--- TASK PROMPT ---
Exclude all pictures, then copy each of the records exactly as written.

--- Stored dataset items ---
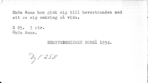 //// Skön Anna. hon gick sig till havsstranden ned att se sig omkring så vida. //// S 85. 3 str. //// Skön Anna. //// HEMBYGBSMIMEIJ BORGA I934. //// % fätt I //// / | //// 1 l //// i ¦ //// i i i //// I ////
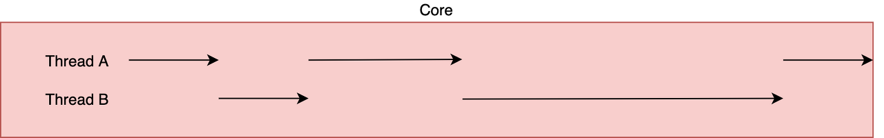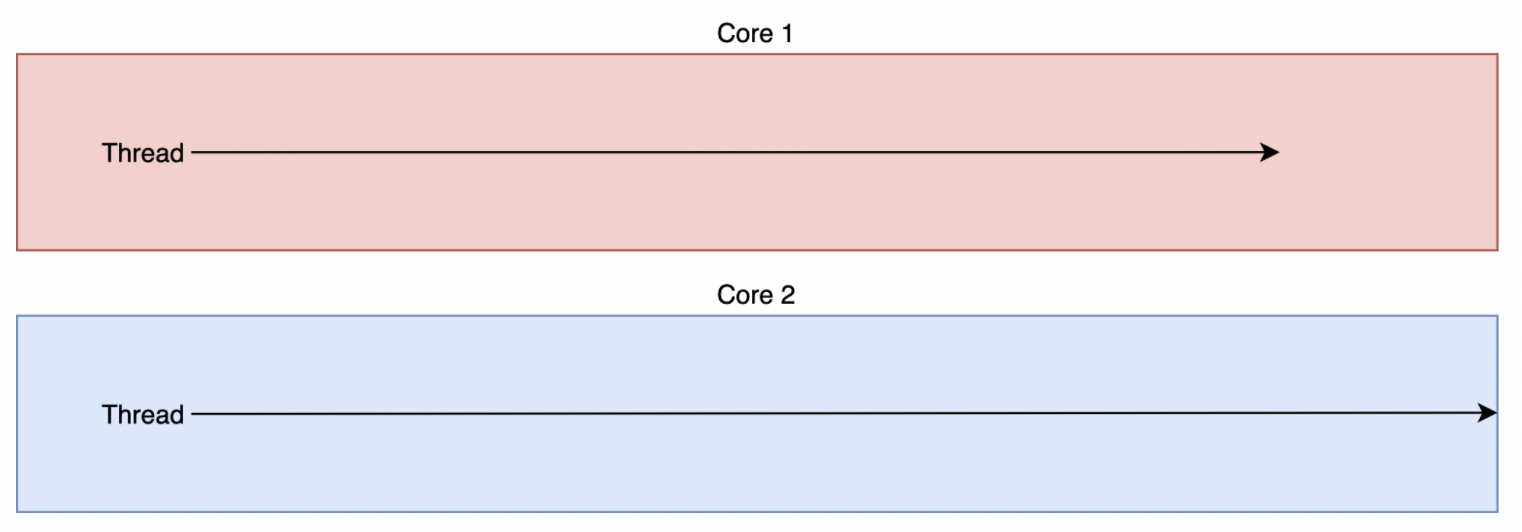 - 각 코어 내에 스레드가 실제로 동시에 명령 실행
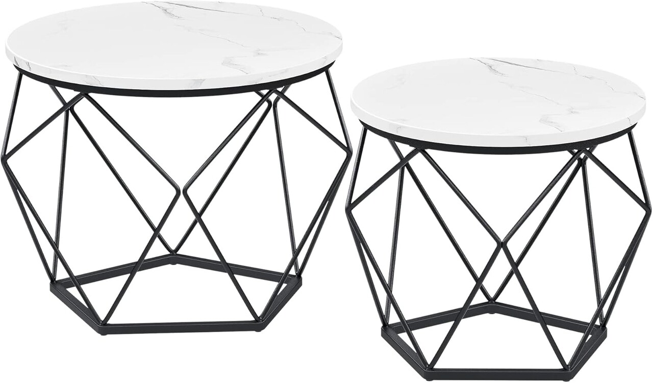 Set 2 masute de cafea Modern, Vasagle, blat detasabil, 60x45 cm, max 30 kg, otel/PAL, alb/negru
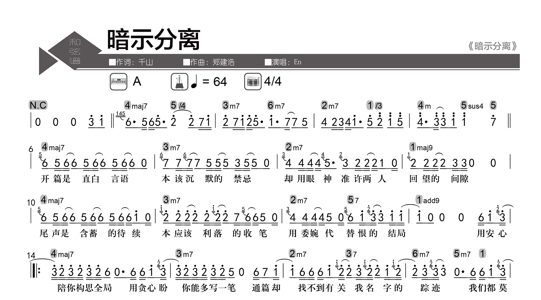 【歌曲信息】Key:A Tempo:4/4 每分钟64拍。
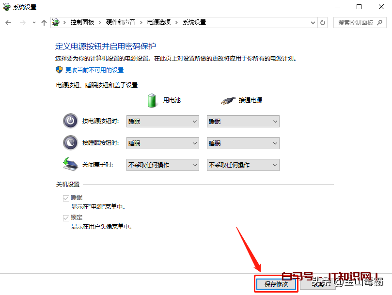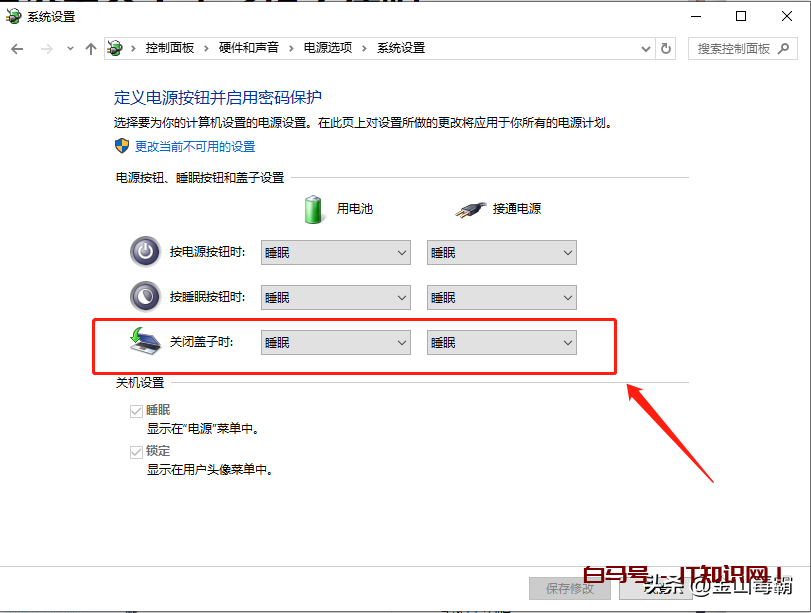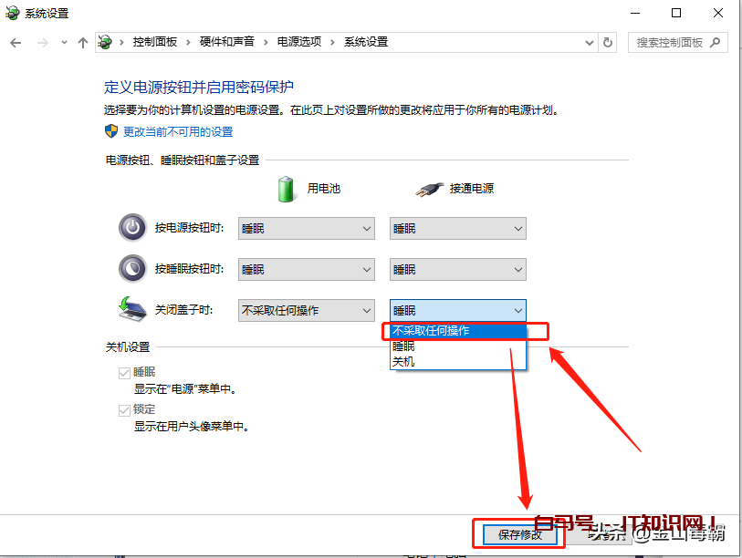 例如在”用电池”情况下,可设置盖上屏幕”不采取任何操作”,即我们在外携带笔记本合上屏幕也不会休眠;

--- SOLUTION TO THE EXERCISE ---
 //// Skön Anna. hon gick sig till havsstranden ned att se sig omkring så vida. //// S 85. 3 str. //// Skön Anna. //// HEMBYGBSMIMEIJ BORGA I934. //// % fätt I //// / | //// 1 l //// i ¦ //// i i i //// I ////
 - 각 코어 내에 스레드가 실제로 동시에 명령 실행
 Set 2 masute de cafea Modern, Vasagle, blat detasabil, 60x45 cm, max 30 kg, otel/PAL, alb/negru
 【歌曲信息】Key:A Tempo:4/4 每分钟64拍。
 例如在”用电池”情况下,可设置盖上屏幕”不采取任何操作”,即我们在外携带笔记本合上屏幕也不会休眠;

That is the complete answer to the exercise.